Assignment: scroll through the P450 clan pages looking for gene models with adjacent numbers like these, then try to build a map of the cluster. Use the browser as shown below to get a view of the whole region including you P450 genes. Print the browser page (might need to print it as landscape oritentation to prevent clipping). Lable the P450s on the map. You can hand it to me, since labling it electronically will require a drawing program or Power Point and that is not necessary.

New cluster

e_gw.110.123.1 Brafl1/scaffold_110:507223-515410

fgenesh2_pg.scaffold_110000030 Brafl1/scaffold_110:516372-520208

fgenesh2_pg.scaffold_110000031 Brafl1/scaffold_110:520927-527727

e_gw.110.18.1 Brafl1/scaffold_110:528976-533638

fgenesh2_pm.scaffold_110000006 Brafl1/scaffold_110:534879-539286

e_gw.110.103.1 Brafl1/scaffold_110:559940-564804

80000 bp space

fgenesh2_pm.scaffold_110000009 Brafl1/scaffold_110:644987-648996

Tips on how to use the JGI browser.

The search page (tool bar top left) has a "search Models" button at the bottom of the page.

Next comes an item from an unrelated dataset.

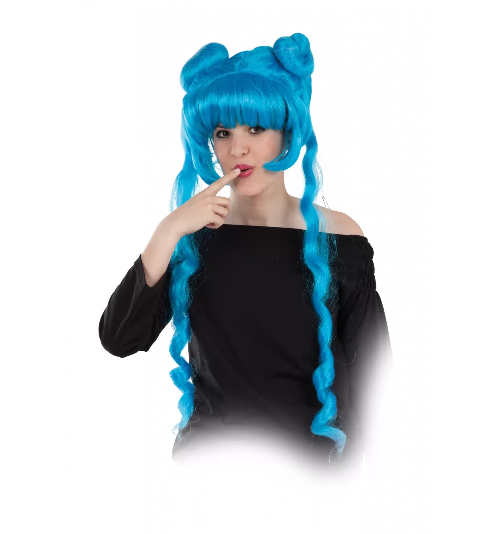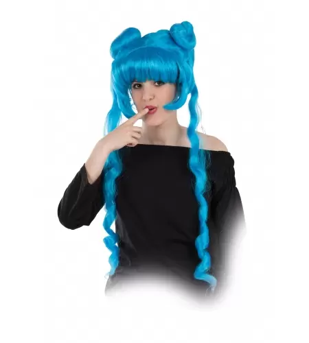 Peluca fabricada con pelo sintético en color azul y naranja, talla única de adulto.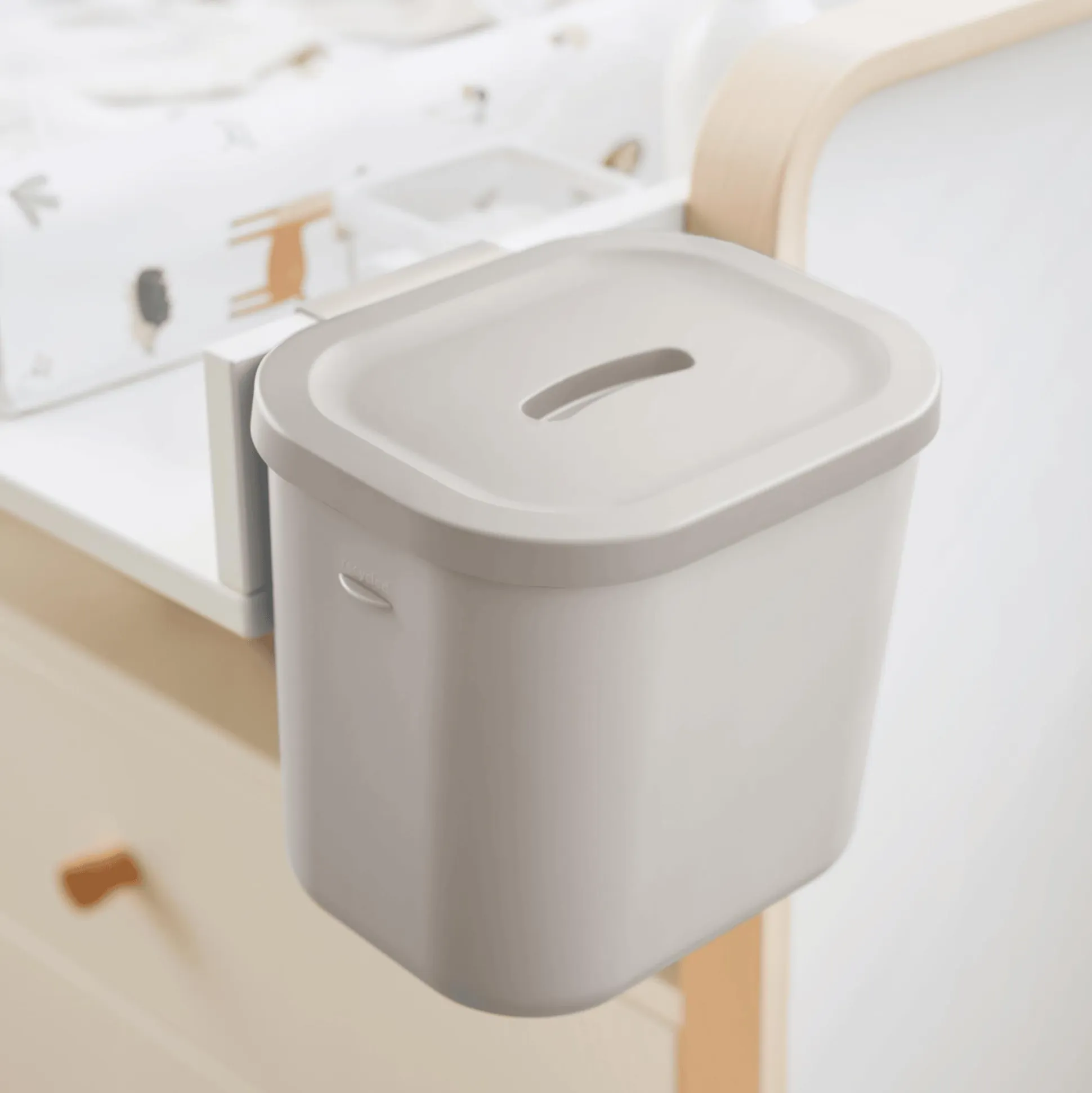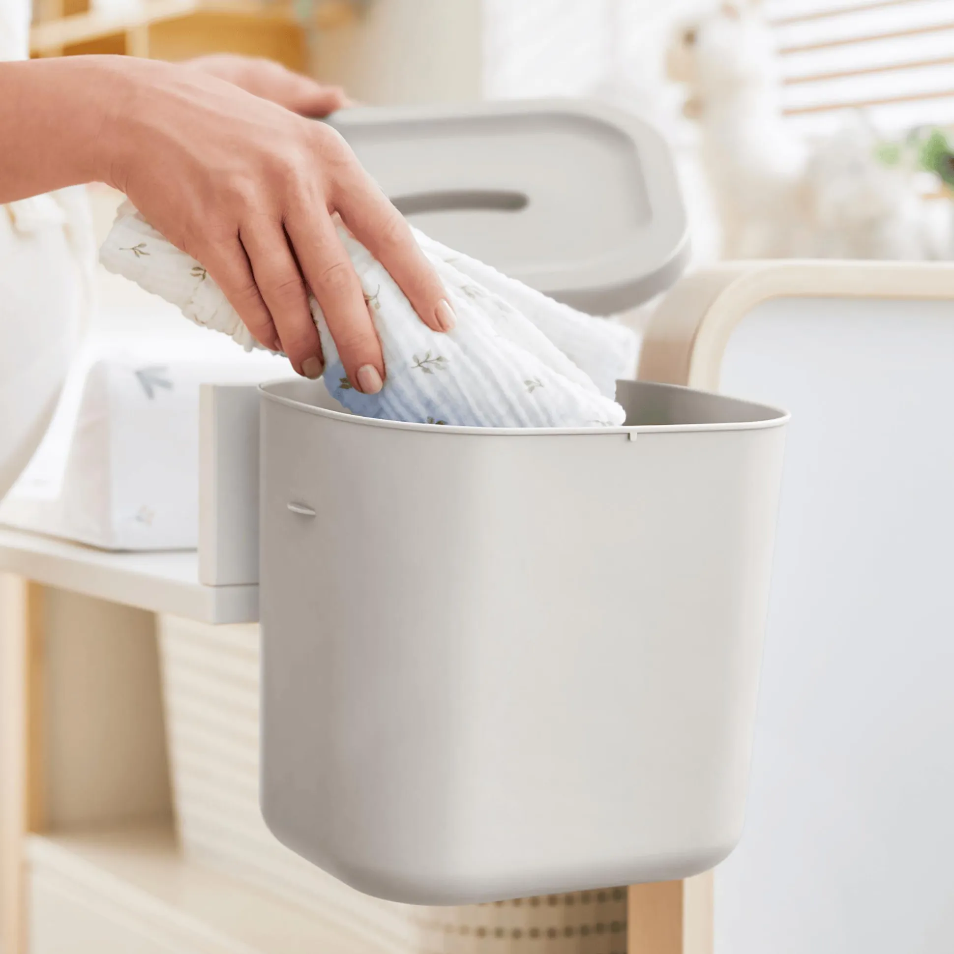 Ein besonderes Highlight ist die Möglichkeit, den Eimer direkt am Wickeltischrand, an Türen oder Schubladen einzuhängen – so ist er immer griffbereit und nimmt keinen zusätzlichen Platz ein. Seine kippsichere Bauweise und die platzierte Höhe sorgen dafür, dass er außerhalb der Reichweite deines Babys bleibt. Zudem ist er einfach zu reinigen, damit er jederzeit hygienisch einsatzbereit ist.

Paste in the gene model name from the sequence collection into the search window and click on search models.

examples: fgenesh2_pg.scaffold_110000031

e_gw.110.103.1

do not include the |Brafl1 on the end of the name. It will not work.



The result will look like this.

Click on the Model Id to go to the gene page.



To get the gene browser open click on "To genome Browser" near the bottom.



Once at the browser window click on zoom -10X to zoom out 10 fold and see the gene neigborhood. This will allow you to find the other gene models. Mousing over the gene structures will allow you to go to the gene page for each model.

On the gene page you can get the following information near the top of the page.



This gives the model name and the nucleotide position of the model on the scaffold. You may want to have this to help you make your map.